LONDON: Sterling fell to a seven-week low on Friday, as a survey showed growth in Britain's dominant services sector cooling and British Prime Minister Theresa May played down talk of a fresh Scottish independence vote as the UK prepares to leave the EU.
In a speech to her Conservative Party's Scottish conference in Glasgow, May questioned the Scottish National Party's record in government, while reiterating her stance that there should not be another independence referendum.
That reflected political nerves over Scotland and the launch of negotiations over the terms of Britain's departure from the trading bloc, planned by the prime minister for this month. Along with a handful of weaker economic figures, those worries have spurred six days of losses for the pound against the dollar - its longest losing streak since December 2015, when markets began to price in the risk of a Brexit vote.

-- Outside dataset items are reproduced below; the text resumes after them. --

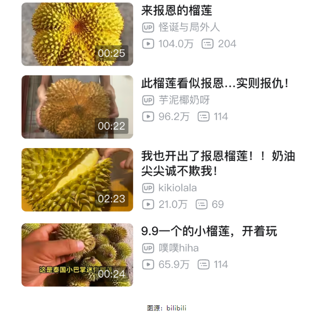 5月份,随着氣溫升高,榴蓮季來(lái)臨,一些社交媒體(tǐ)和短(duǎn)視頻平台中,“開榴蓮盲盒”相(xiàng)關的話(huà)題和浏覽量暴漲,開到5房(fáng)6房(fáng)肉的榴蓮被稱爲“報恩榴蓮”,開到皮厚肉小的則被戲稱爲“榴蓮糖”。這種幽默的調侃以及沉浸式的剝榴蓮解壓視頻出現跟風(fēng)現象,越來(lái)越多的用戶購(gòu)買榴蓮後,主動将開盲盒經曆上傳零售平台及社交媒體(tǐ),這在一定程度上刺激榴蓮銷量大(dà)增。
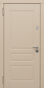 Входная дверь с окрашенными плитами МДФ (RAL 1015) сочетает в себе прочность и изысканный внешний вид. Панели из МДФ сочетаются с любыми архитектурными стилями — от классики до модерна. Подчёркивают контраст или плавность перехода между материалами. Отделка подойдет для домов с классическим и современным оформлением.
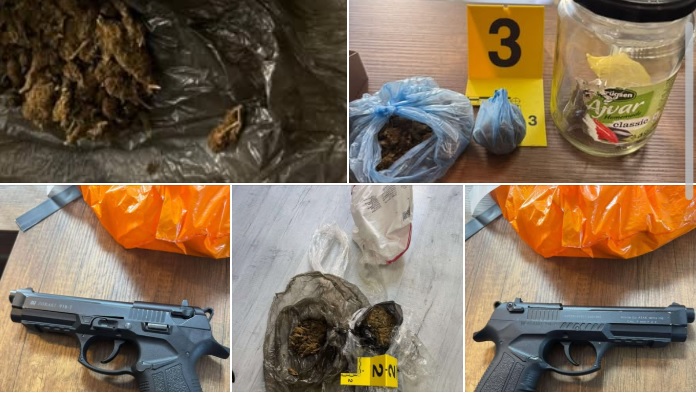 “Më 01.11.2025 rreth orës 13:10, në Tetovë, në rrugën “Prespa”, policia nga Stacioni i Policisë Tetovë, bazuar në urdhër gjyqësor, ka kryer bastisje tek berberhane, që përdorej nga B.L. (21) nga Tetova, i cili nuk ishte prezent. Bastisja u krye në praninë e H.A. (23) nga Tetova, i biri i pronarit të shtëpisë, ku u gjetën dhe u sekuestruan: marihuanë e paketuar në disa doza, 2000 qese të zbrazëta, një peshore digjitale dhe një pistoletë “Zoraki” kalibër 9 mm me karikator të zbrazët. Pas dokumentimit dhe sqarimit të rastit, kundër B.L. do të parashtrohet kallëzim penal”, thonë nga MPB.
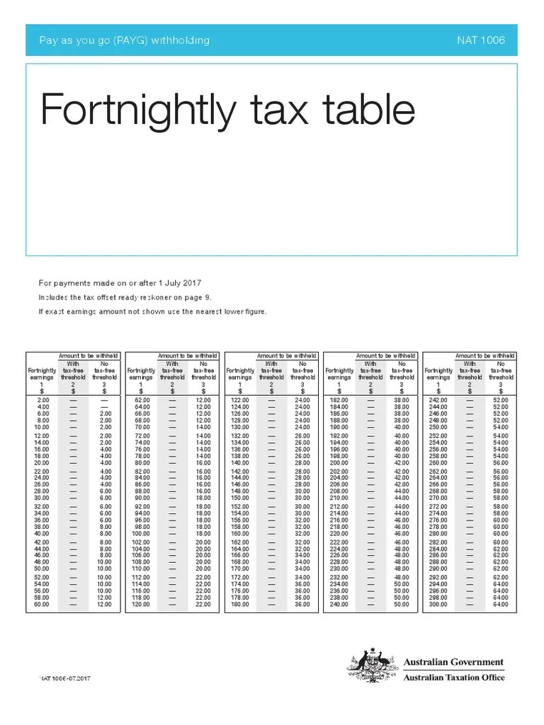 Web Fortnightly Tax Table 2 Fortnightly Tax Table Amount To Be Withheld Fortnightly Earnings With Tax‑Free Threshold No Tax‑Free.
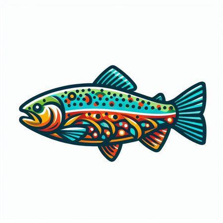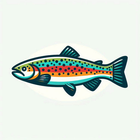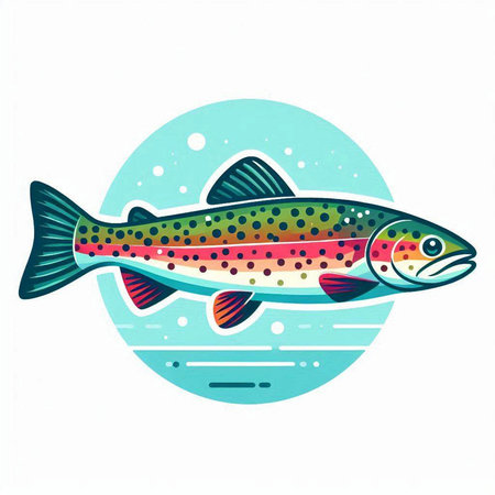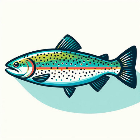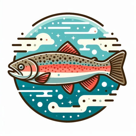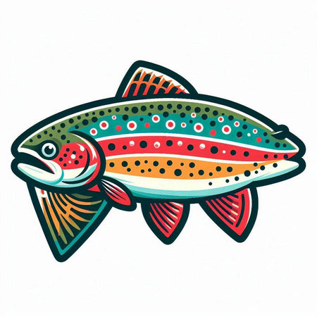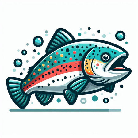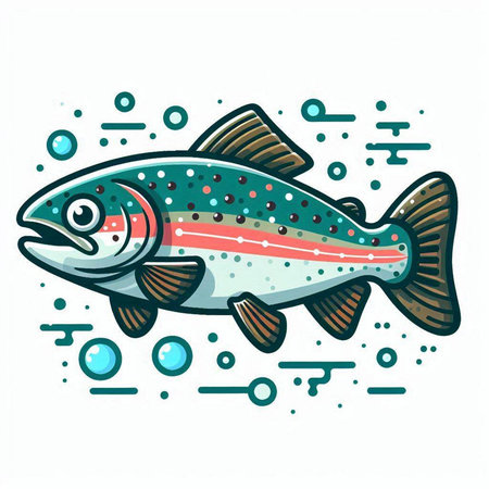 Illustration of a rainbow trout fish isolated on a white background.
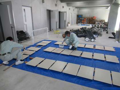 ピロティで、何やら四角い板を何枚も作り、ペンキで色を塗っておられます。
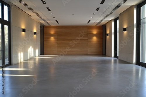 modern, minimalist, interior, design, wooden, wall, concrete, floor, light, ceiling, sleek, stylish, contemporary, roomy, bright, clean, polished, smooth, empty, room, hall, hallway, architecture, building, structure, line, texture, pattern, neutral, tone, beige, grey, brown, light, shadow, sun, window, glasses, frame, simple, elegant, ambience, atmosphere
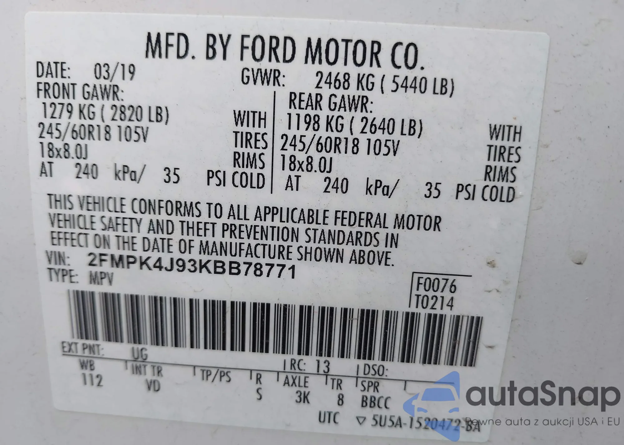 • VIN 2FMPK4J93KBB78771

Commerzbank strategist Thu Lan Nguyen said Friday's moves were driven chiefly by data, but also reflected broader nerves over how the Brexit process will play out.
"The drop (in sterling) was mainly driven by the weaker PMI figures, which basically underlined that resilience we've seen so far in the economy is not sustainable," she said.
"The figures are just a confirmation of concerns that the economy may now be feeling the impact of the Brexit referendum."
The Markit/CIPS index of sentiment among purchasing managers at British services companies fell to 53.3 from 54.5 in January, its weakest level since September and below the consensus forecast of 54.1 in a Reuters poll of economists.
The data release drove the pound as much as 0.4 percent lower against the dollar to a seven-week low of $1.2215.
Against a broadly stronger euro, sterling fell 0.6 percent to 86.16 pence, having traded at a four-week low of 86.25 pence soon after the PMI was released.
Sterling has fallen 1.5 percent this week on the Bank of England's broader index of its strength, having fallen through support around $1.24 and then $1.23.
Friday's survey added to data suggesting investment and the economy at large is finally beginning to slow following June's vote to leave the EU, which has already knocked around one-fifth off the value of the pound, in turn pushing up inflation.
"Whilst the headline figures won't cause panic for the Bank of England, (Governor) Carney's warning of the delayed reaction of last year's Brexit vote could really be kicking into gear, ironically just as Article 50 is to be triggered," said Alex Lydall, Head of Dealing at corporate broker Foenix Partners.
"(Rising inflation) doesn't bode well for importers in the short-term."